* [How to complete this task] What you return must match the records below exactly, apart from the omitted pictures.

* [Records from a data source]
==================================================

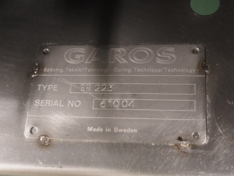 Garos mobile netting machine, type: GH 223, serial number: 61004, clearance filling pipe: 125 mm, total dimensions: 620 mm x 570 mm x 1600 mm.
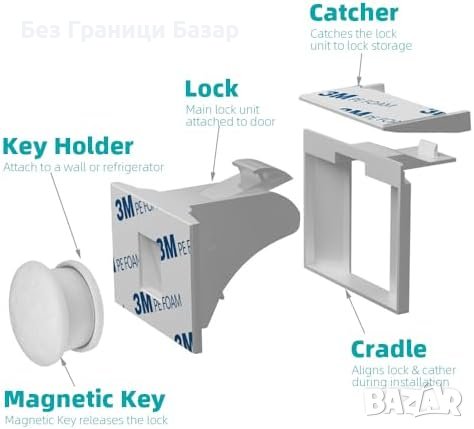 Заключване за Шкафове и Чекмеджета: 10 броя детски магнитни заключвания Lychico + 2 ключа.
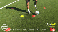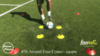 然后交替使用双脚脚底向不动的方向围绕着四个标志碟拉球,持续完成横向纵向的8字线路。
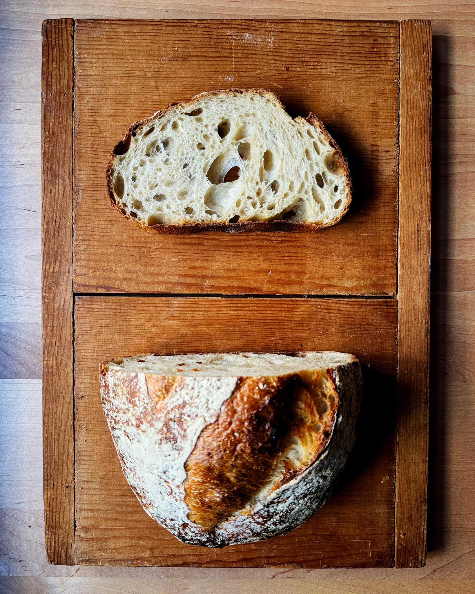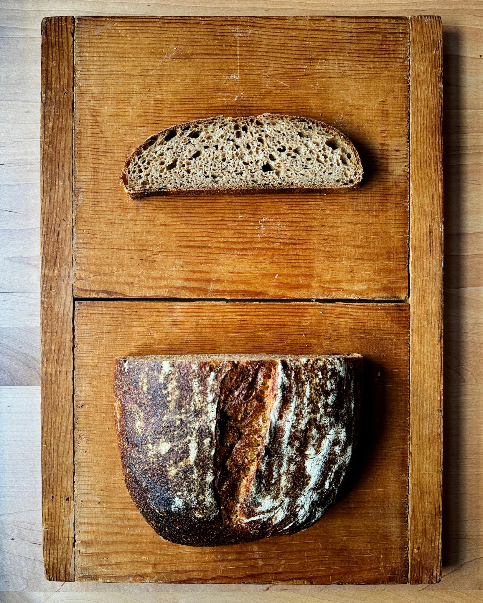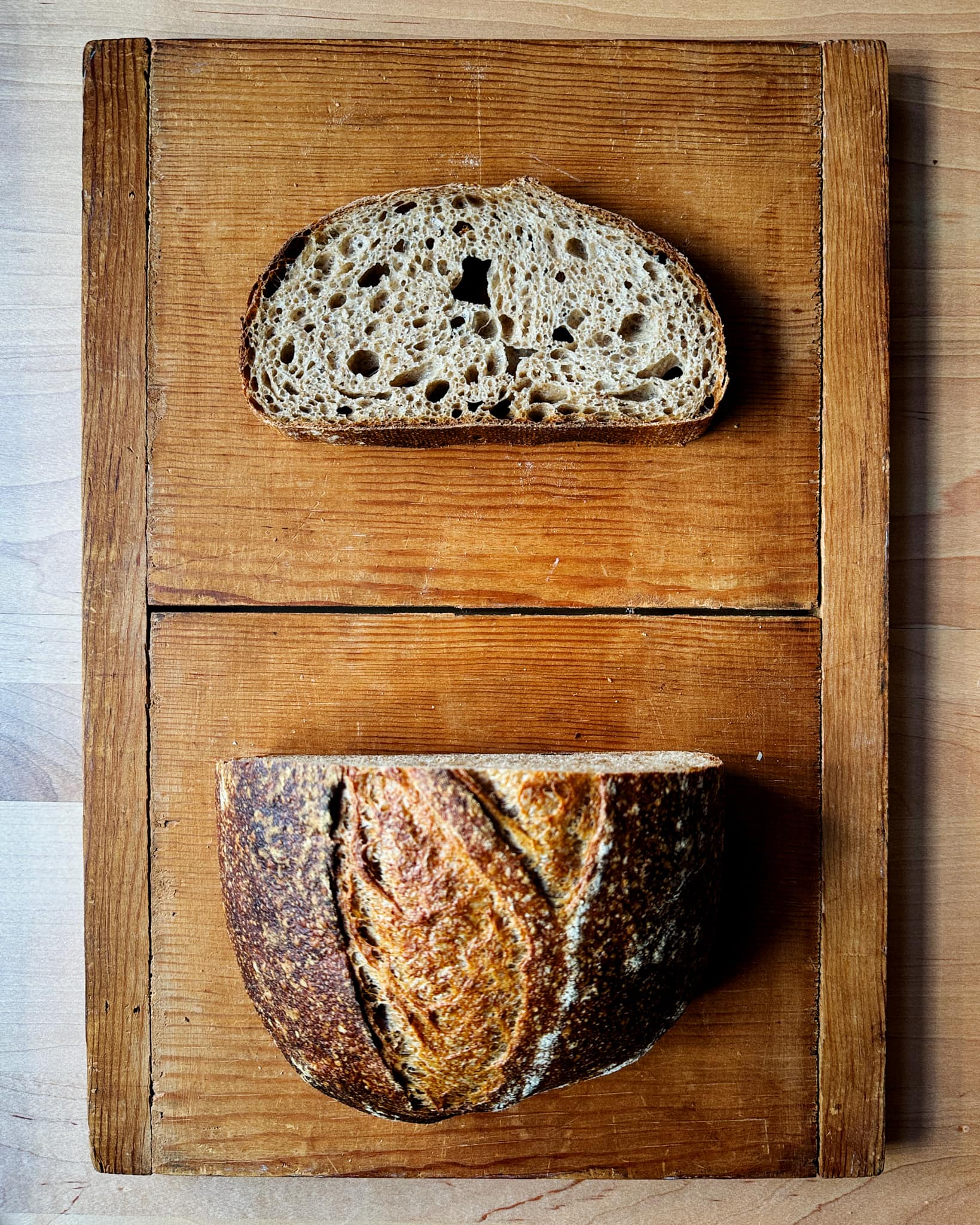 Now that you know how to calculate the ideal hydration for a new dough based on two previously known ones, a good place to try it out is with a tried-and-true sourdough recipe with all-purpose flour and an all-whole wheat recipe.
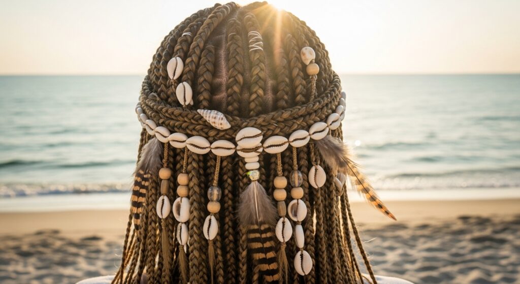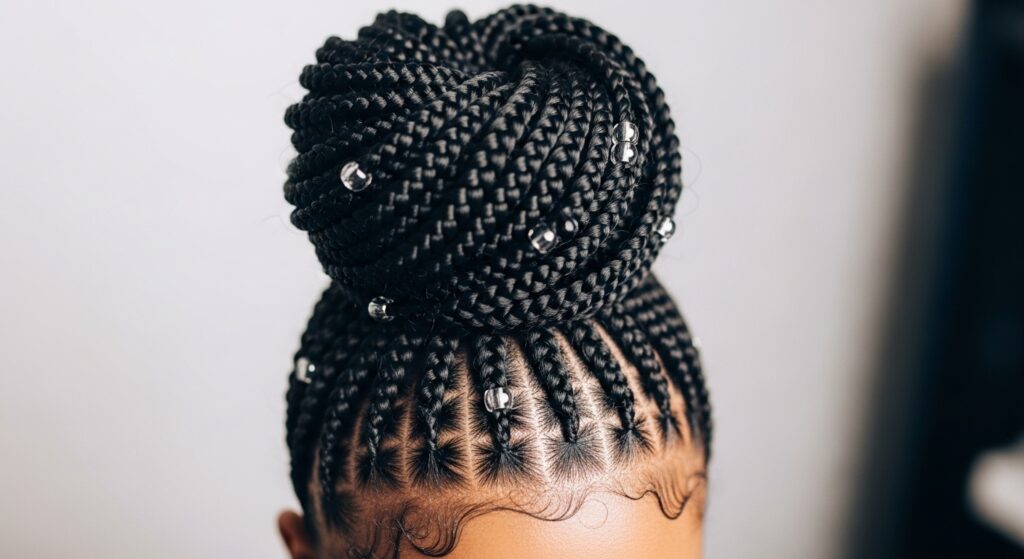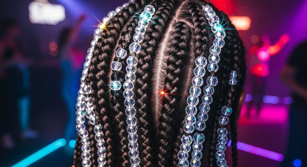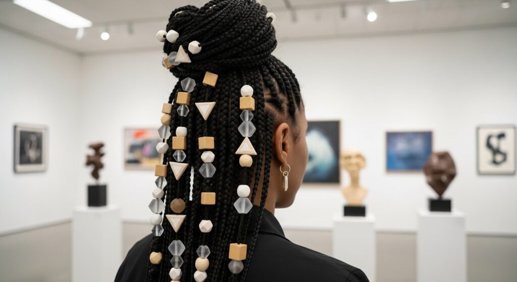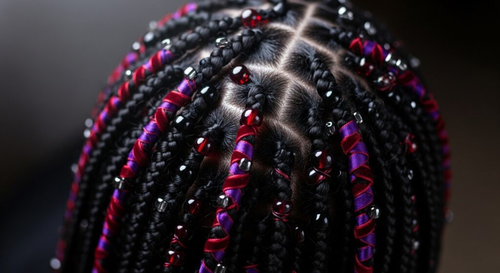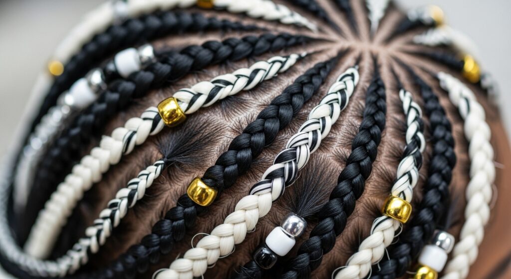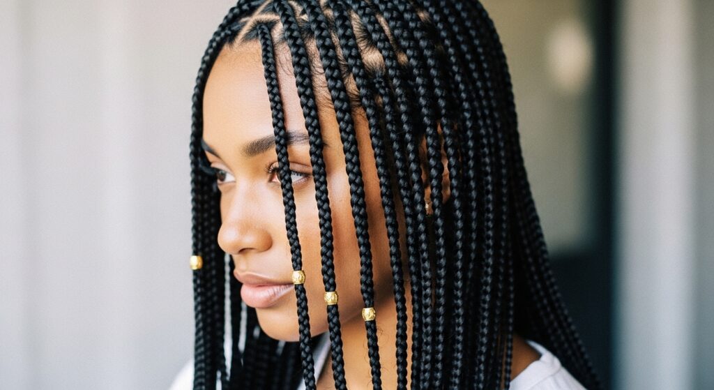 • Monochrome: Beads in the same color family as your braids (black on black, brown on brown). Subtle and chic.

==================================================

* [Task output]
 Garos mobile netting machine, type: GH 223, serial number: 61004, clearance filling pipe: 125 mm, total dimensions: 620 mm x 570 mm x 1600 mm.
 Заключване за Шкафове и Чекмеджета: 10 броя детски магнитни заключвания Lychico + 2 ключа.
 然后交替使用双脚脚底向不动的方向围绕着四个标志碟拉球,持续完成横向纵向的8字线路。
 Now that you know how to calculate the ideal hydration for a new dough based on two previously known ones, a good place to try it out is with a tried-and-true sourdough recipe with all-purpose flour and an all-whole wheat recipe.
 • Monochrome: Beads in the same color family as your braids (black on black, brown on brown). Subtle and chic.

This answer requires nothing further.